Lipton Allan, Cook Richard, Saad Fred, Major Pierre, Garnero Patrick, Terpos Evangelos, Brown Janet E, Coleman Robert E
Department of Hematology-Oncology, Milton S. Hershey Medical Center, Pennsylvania State University, Hershey, PA 17033, USA.
Cancer. 2008 Jul 1;113(1):193-201. doi: 10.1002/cncr.23529.
For patients with bone metastases, high N-telopeptide of type I collagen (NTX) levels correlate with increased risks of skeletal-related events and death. However, the relation between NTX decreases and clinical benefits is unclear.

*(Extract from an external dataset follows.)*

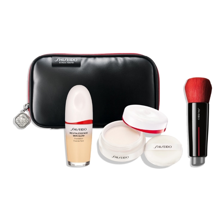 SHISEIDO 人気のエッセンス スキングロウ ファンデーションと、同シリーズのパウダー、DAIYA FUDE フェイス デュオをご購入の方に、SHISEIDO のブラシが収納できる「SHISEIDO 特製ブラシポーチ」を進呈。
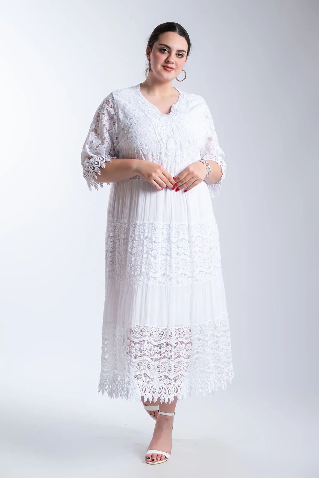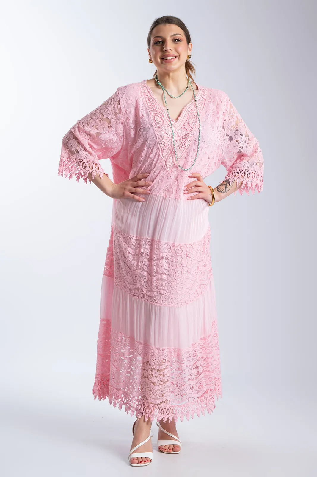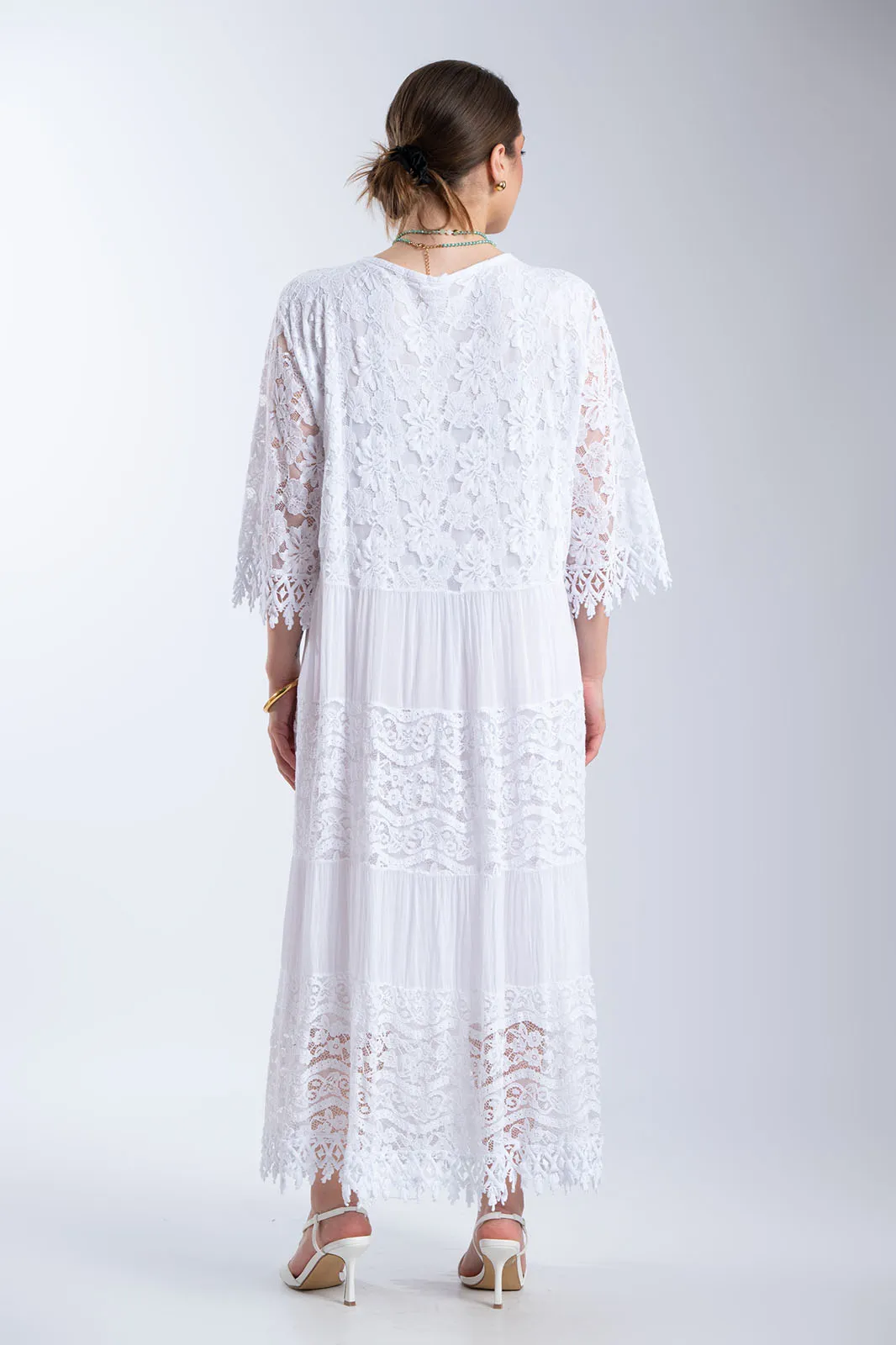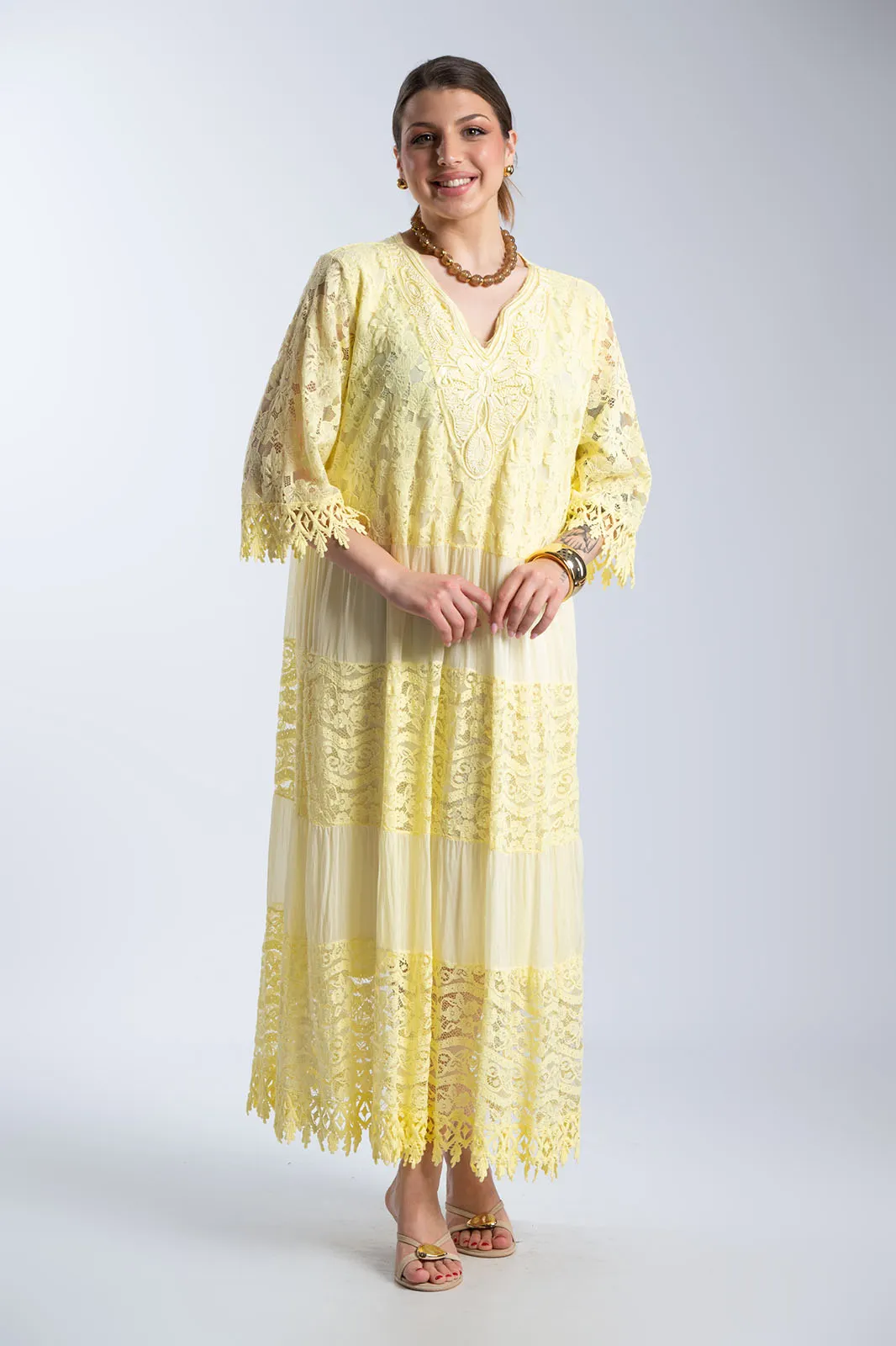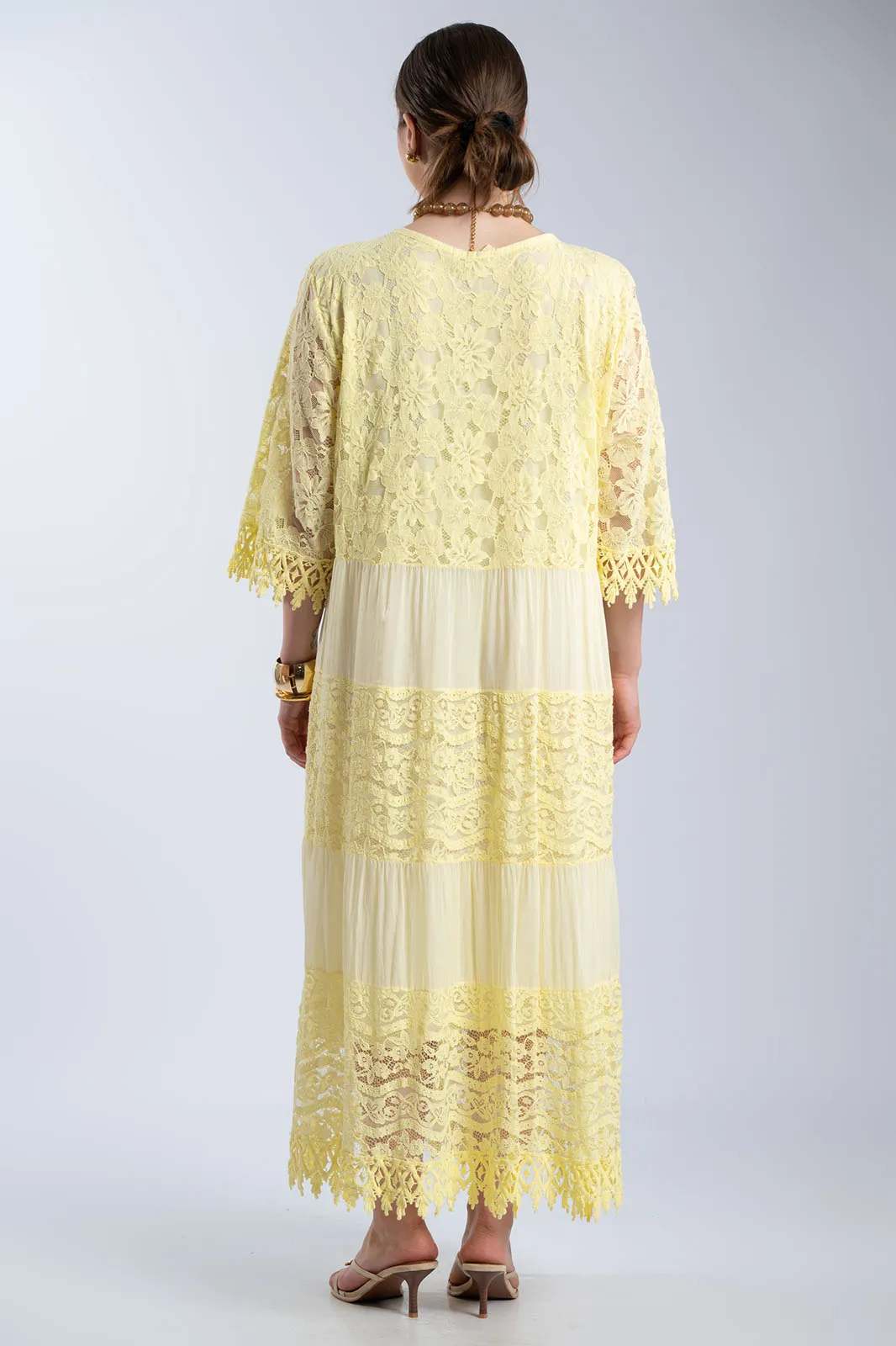 Αέρινο midi φόρεμα με δαντελένια υφή που αποπνέει ρομαντισμό και κομψότητα. Το επάνω μέρος διακοσμείται με εντυπωσιακό κέντημα στο ντεκολτέ, προσθέτοντας ιδιαίτερο χαρακτήρα και λεπτομέρεια στο σύνολο. Τα 3/4 μανίκια και το επάνω μέρος είναι από δαντέλα, ενώ η φούστα δημιουργεί ένα όμορφο layering effect με συνδυασμό διαφάνειας και υφής. Διαθέτει εσωτερική φόδρα για άνεση και σωστή εφαρμογή, ενώ η χαλαρή γραμμή του το καθιστά ιδανικό για κομψές αλλά και πιο casual εμφανίσεις.

Correlations between NTX normalization during treatment and clinical outcome were retrospectively analyzed in 3 large, phase 3 trials. Urinary NTX levels were measured at baseline and at Month 3 in patients with bone metastases from breast cancer (BC; n = 578), hormone-refractory prostate cancer (HRPC; n = 472), or nonsmall-cell lung cancer and other solid tumors (NSCLC/OST; n = 291) who received zoledronic acid or control (pamidronate for BC; placebo for HRPC and NSCLC/OST) for up to 24 months. NTX levels were characterized as normal (N; <64 nmol/mmol creatinine) or elevated (E; > or =64 nmol/mmol creatinine).
After 3 months of zoledronic acid, most N-group patients maintained normal levels; however, most E-group patients normalized their NTX levels (BC, 81%; HRPC, 70%; NSCLC/OST, 81%). In contrast, NTX levels normalized with pamidronate in 65% of BC, with placebo in 8% of HRPC, and in 17% of NSCLC/OST E-group patients. Normalized NTX correlated with improved overall survival versus persistently elevated NTX (significant for zoledronic acid-treated patients; trend for placebo-treated patients). Moreover, percentage reductions from baseline NTX levels correlated with benefits regardless of whether patients transitioned from E to N.
Zoledronic acid normalizes or maintains normal NTX levels in most patients with bone metastases. Normalized NTX within 3 months of treatment, versus persistently elevated NTX, was associated with reduced risks of skeletal complications and death.
对于骨转移患者,I型胶原N-端肽(NTX)水平升高与骨相关事件及死亡风险增加相关。然而,NTX水平降低与临床获益之间的关系尚不清楚。
在3项大型3期试验中,对治疗期间NTX水平正常化与临床结局之间的相关性进行回顾性分析。对患有乳腺癌(BC;n = 578)、激素难治性前列腺癌(HRPC;n = 472)或非小细胞肺癌及其他实体瘤(NSCLC/OST;n = 291)的骨转移患者,在基线及治疗3个月时测量尿NTX水平,这些患者接受唑来膦酸或对照治疗(BC用帕米膦酸;HRPC和NSCLC/OST用安慰剂)长达24个月。NTX水平分为正常(N;<64 nmol/mmol肌酐)或升高(E;≥64 nmol/mmol肌酐)。
唑来膦酸治疗3个月后,大多数N组患者维持正常水平;然而,大多数E组患者的NTX水平恢复正常(BC为81%;HRPC为70%;NSCLC/OST为81%)。相比之下,BC患者中65%用帕米膦酸后NTX水平恢复正常,HRPC患者中8%用安慰剂后NTX水平恢复正常,NSCLC/OST E组患者中17%用安慰剂后NTX水平恢复正常。NTX水平恢复正常与总体生存率改善相关,与持续升高的NTX相比(唑来膦酸治疗患者有显著差异;安慰剂治疗患者有趋势差异)。此外,无论患者NTX水平是从E转变为N,基线NTX水平的降低百分比均与获益相关。
唑来膦酸可使大多数骨转移患者的NTX水平恢复正常或维持正常。治疗3个月内NTX水平恢复正常,与持续升高相比,与骨并发症及死亡风险降低相关。